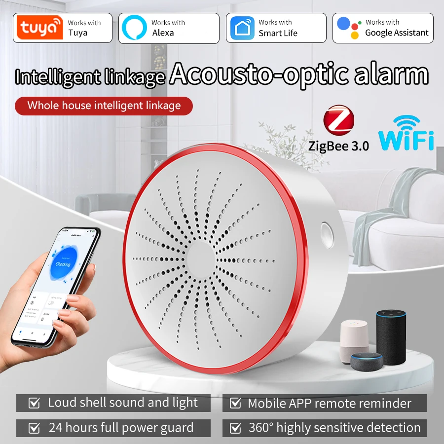 Tuya ZigBee Smart Sirene 85DB WiFi Alarm Sound Licht Sensor Detektor Home Security Alarm App Steuerung Funktioniert Mit Alexa Google Hause
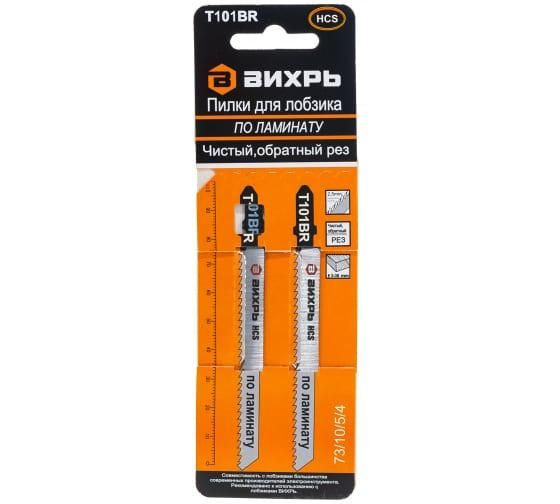 Пилки для лобзика Т101ВR по ламинату,чистый,обратный рез 100х75мм (2шт) | 73/10/5/4 ВИХРЬ
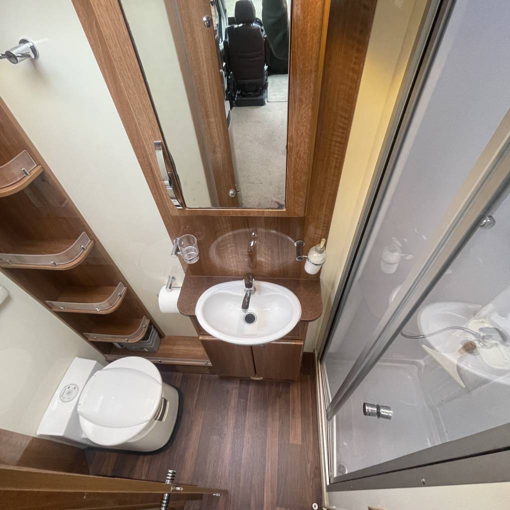 The well-appointed kitchen comes compete with sink, hob, oven, fridge and lots of great storage space such as a spacious wardrobe. At the rear is a luxury, spacious bathroom with separate shower cubicle and yet more great storage space. For more information, the additional photo file or to reserve this motorhome please call or email.
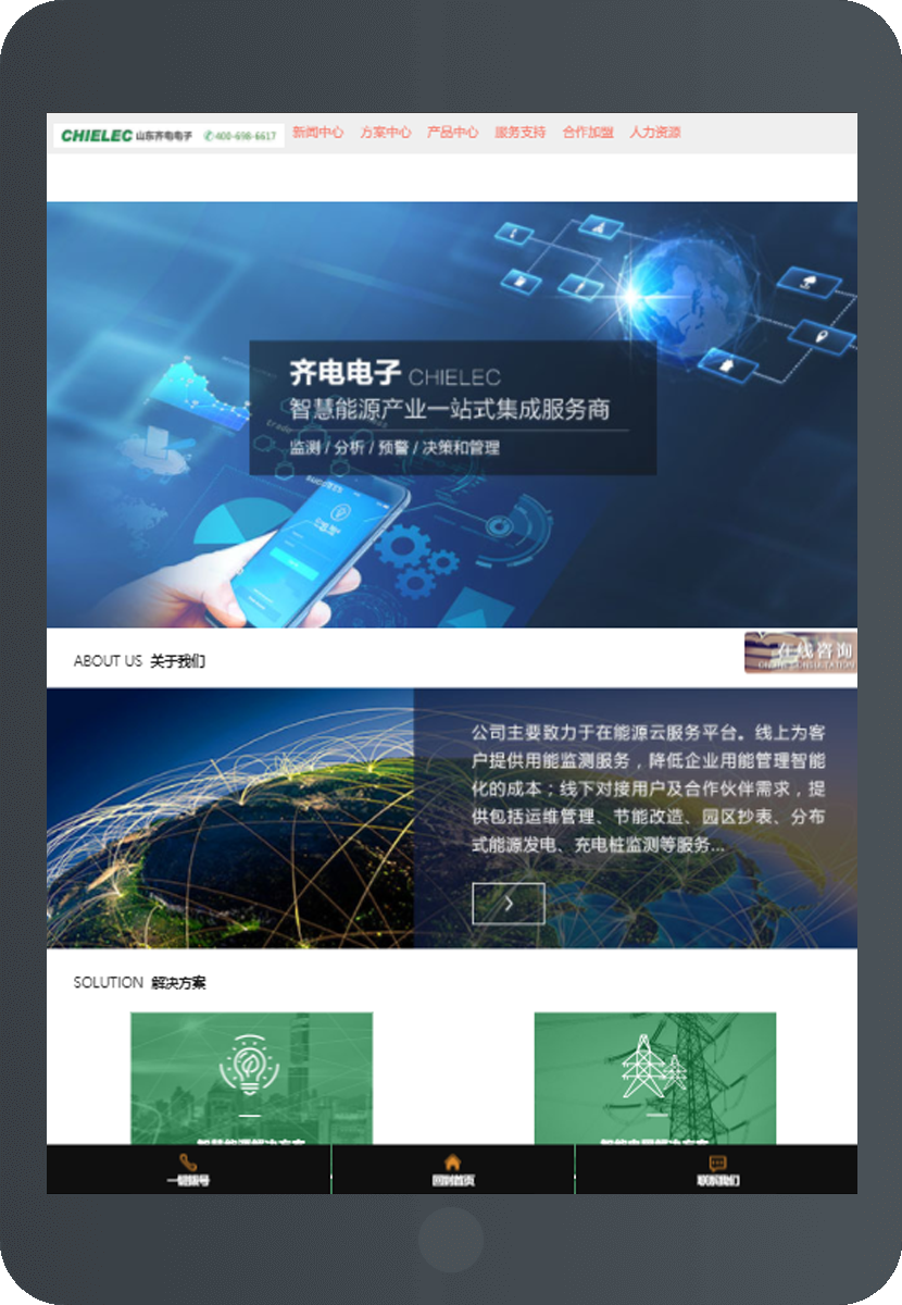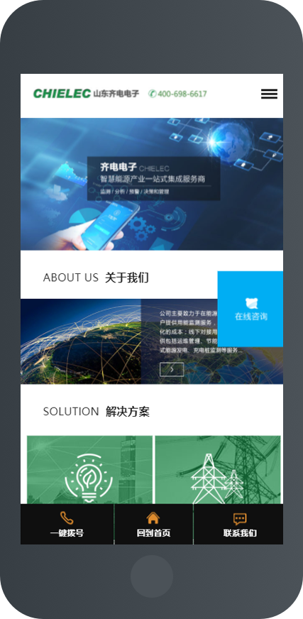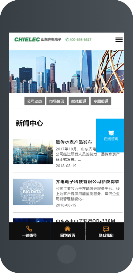 齐电电子为技术开发类电子信息公司,在移动市场设备应用占比非常之大,我们应用HTML5最新互联网开发技术,综合当前移动互联网用户使用习惯,实现页面的响应式布局,适配不同移动设备的不同尺寸。达到满足更多移动用户访问官网习惯,实现跨屏的多应用,提升企业品牌形象及官网的优秀移动互联的体验。
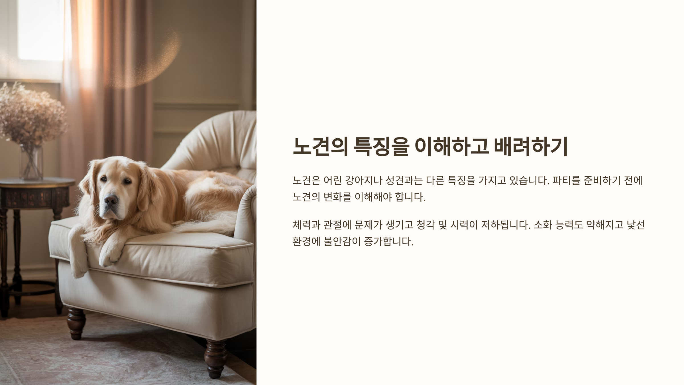 노견은 어린 강아지나 성견과는 다른 특징과 건강 상태를 가지고 있습니다. 파티를 준비하기 전에 노견의 신체적, 정신적 변화를 이해하고 배려하는 것이 중요합니다.
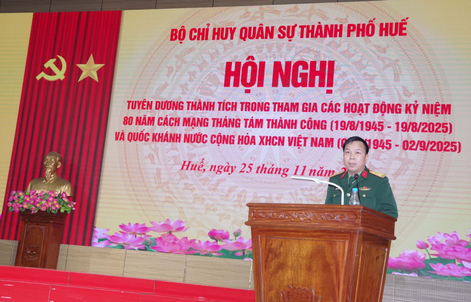 Phát biểu tại hội nghị Thủ trưởng Bộ CHQS thành phố Huế đã ghi nhận và biểu dương tất cả các tập thể, cá nhân đã được khen thưởng đợt này trong đó đặc biệt có 34 đồng chí cán bộ sĩ quan, quân nhân chuyên nghiệp và nữ dân quân đã trực tiếp tham gia các khối diễu binh, diễu hành và phục vụ trong đại lễ kỷ niệm của đất nước, những nỗ lực, cố gắng của các đồng chí đã góp phần quan trọng vào thành công chung trong ngày đại lễ tạo được ấn tượng mạnh mẽ, sức lan toả sâu rộng trong quân chúng nhân dân và bạn bè quốc tế.
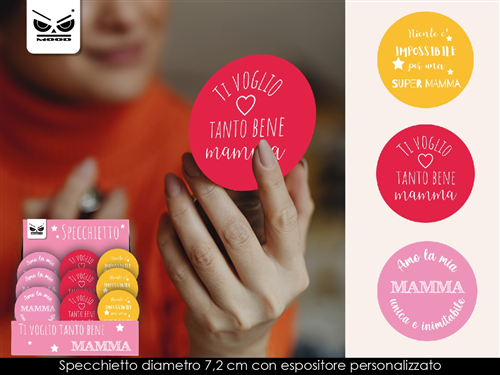 Diametro 7,2 CM. Specchietto in plastica rigida. Mood design.
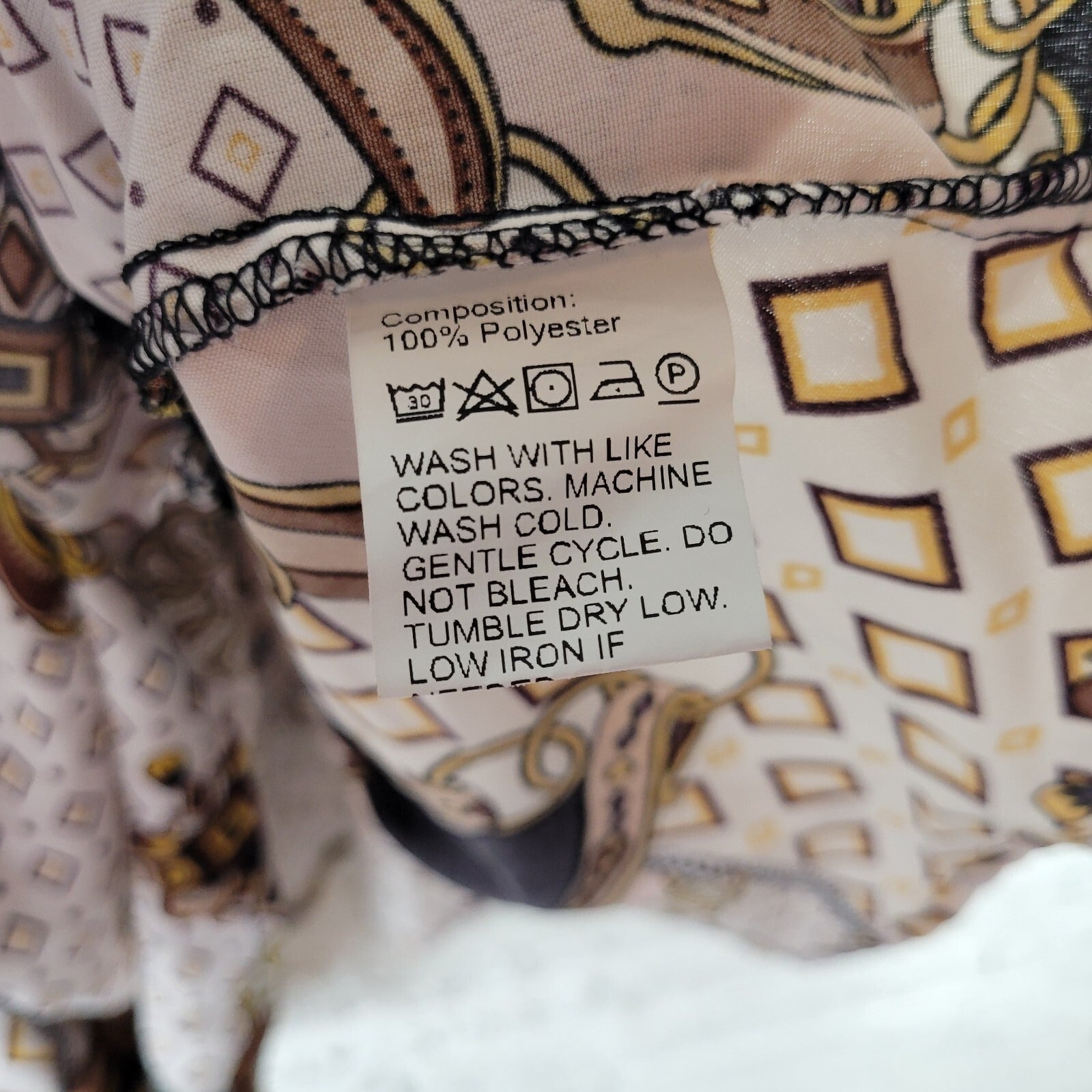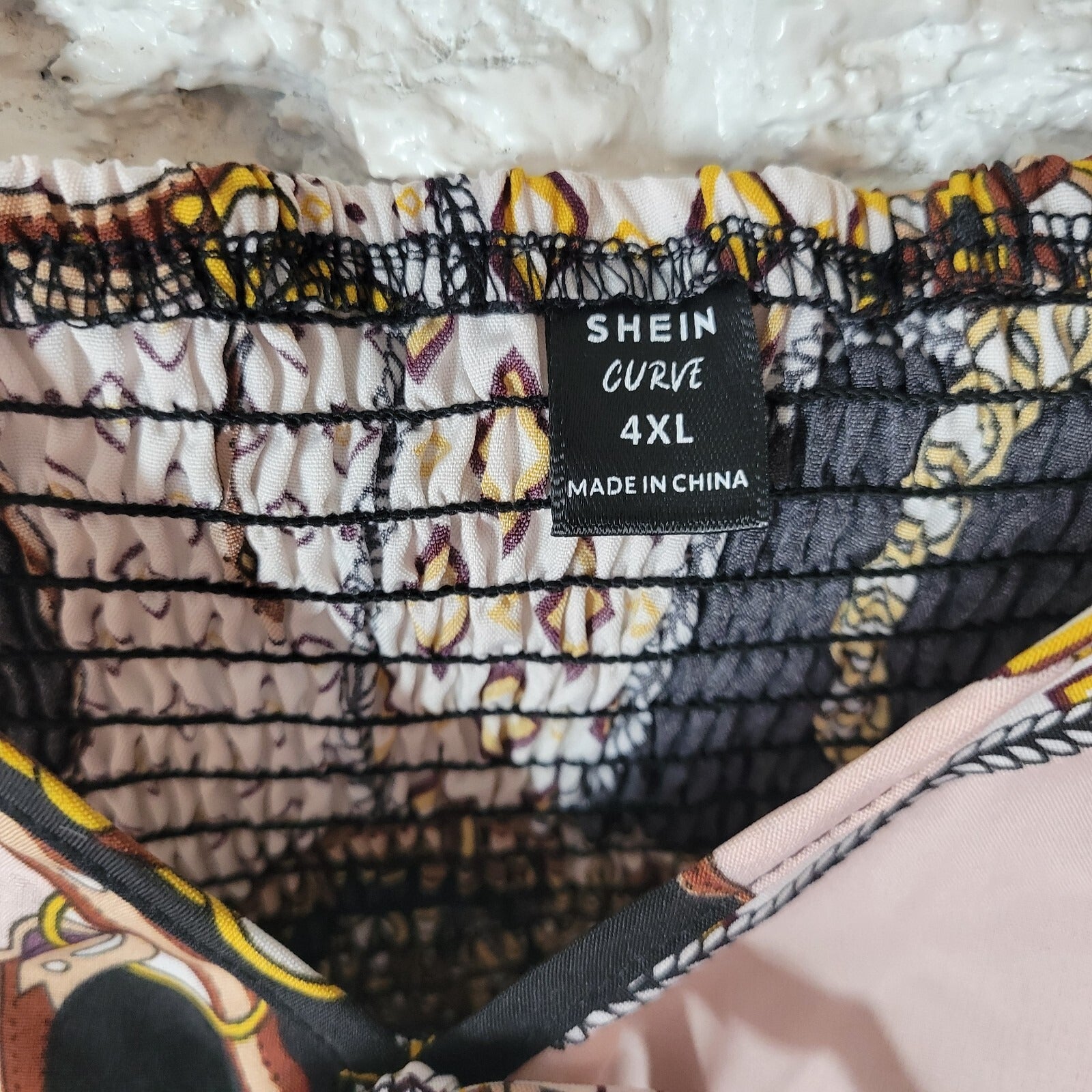The Shein Curve Women's Top in 4XL Plus size is a stylish and comfortable swing camisole with a geometric pattern in black and gold. This sleeveless top features a V-neck and adjustable spaghetti straps, making it perfect for casual or travel occasions. Made from lightweight polyester material, this camisole is easy to care for with machine washable instructions. Perfect for all seasons, this SheIn camisole offers a regular fit and plus-size options, catering to women looking for a chic and versatile addition to their wardrobe.

→ **What is expected**: Reproduce the listing verbatim, pictures excluded.

→ **Reply**:
 Tuya ZigBee Smart Sirene 85DB WiFi Alarm Sound Licht Sensor Detektor Home Security Alarm App Steuerung Funktioniert Mit Alexa Google Hause
 Пилки для лобзика Т101ВR по ламинату,чистый,обратный рез 100х75мм (2шт) | 73/10/5/4 ВИХРЬ
 The well-appointed kitchen comes compete with sink, hob, oven, fridge and lots of great storage space such as a spacious wardrobe. At the rear is a luxury, spacious bathroom with separate shower cubicle and yet more great storage space. For more information, the additional photo file or to reserve this motorhome please call or email.
 齐电电子为技术开发类电子信息公司,在移动市场设备应用占比非常之大,我们应用HTML5最新互联网开发技术,综合当前移动互联网用户使用习惯,实现页面的响应式布局,适配不同移动设备的不同尺寸。达到满足更多移动用户访问官网习惯,实现跨屏的多应用,提升企业品牌形象及官网的优秀移动互联的体验。
 노견은 어린 강아지나 성견과는 다른 특징과 건강 상태를 가지고 있습니다. 파티를 준비하기 전에 노견의 신체적, 정신적 변화를 이해하고 배려하는 것이 중요합니다.
 Phát biểu tại hội nghị Thủ trưởng Bộ CHQS thành phố Huế đã ghi nhận và biểu dương tất cả các tập thể, cá nhân đã được khen thưởng đợt này trong đó đặc biệt có 34 đồng chí cán bộ sĩ quan, quân nhân chuyên nghiệp và nữ dân quân đã trực tiếp tham gia các khối diễu binh, diễu hành và phục vụ trong đại lễ kỷ niệm của đất nước, những nỗ lực, cố gắng của các đồng chí đã góp phần quan trọng vào thành công chung trong ngày đại lễ tạo được ấn tượng mạnh mẽ, sức lan toả sâu rộng trong quân chúng nhân dân và bạn bè quốc tế.
 Diametro 7,2 CM. Specchietto in plastica rigida. Mood design.
The Shein Curve Women's Top in 4XL Plus size is a stylish and comfortable swing camisole with a geometric pattern in black and gold. This sleeveless top features a V-neck and adjustable spaghetti straps, making it perfect for casual or travel occasions. Made from lightweight polyester material, this camisole is easy to care for with machine washable instructions. Perfect for all seasons, this SheIn camisole offers a regular fit and plus-size options, catering to women looking for a chic and versatile addition to their wardrobe.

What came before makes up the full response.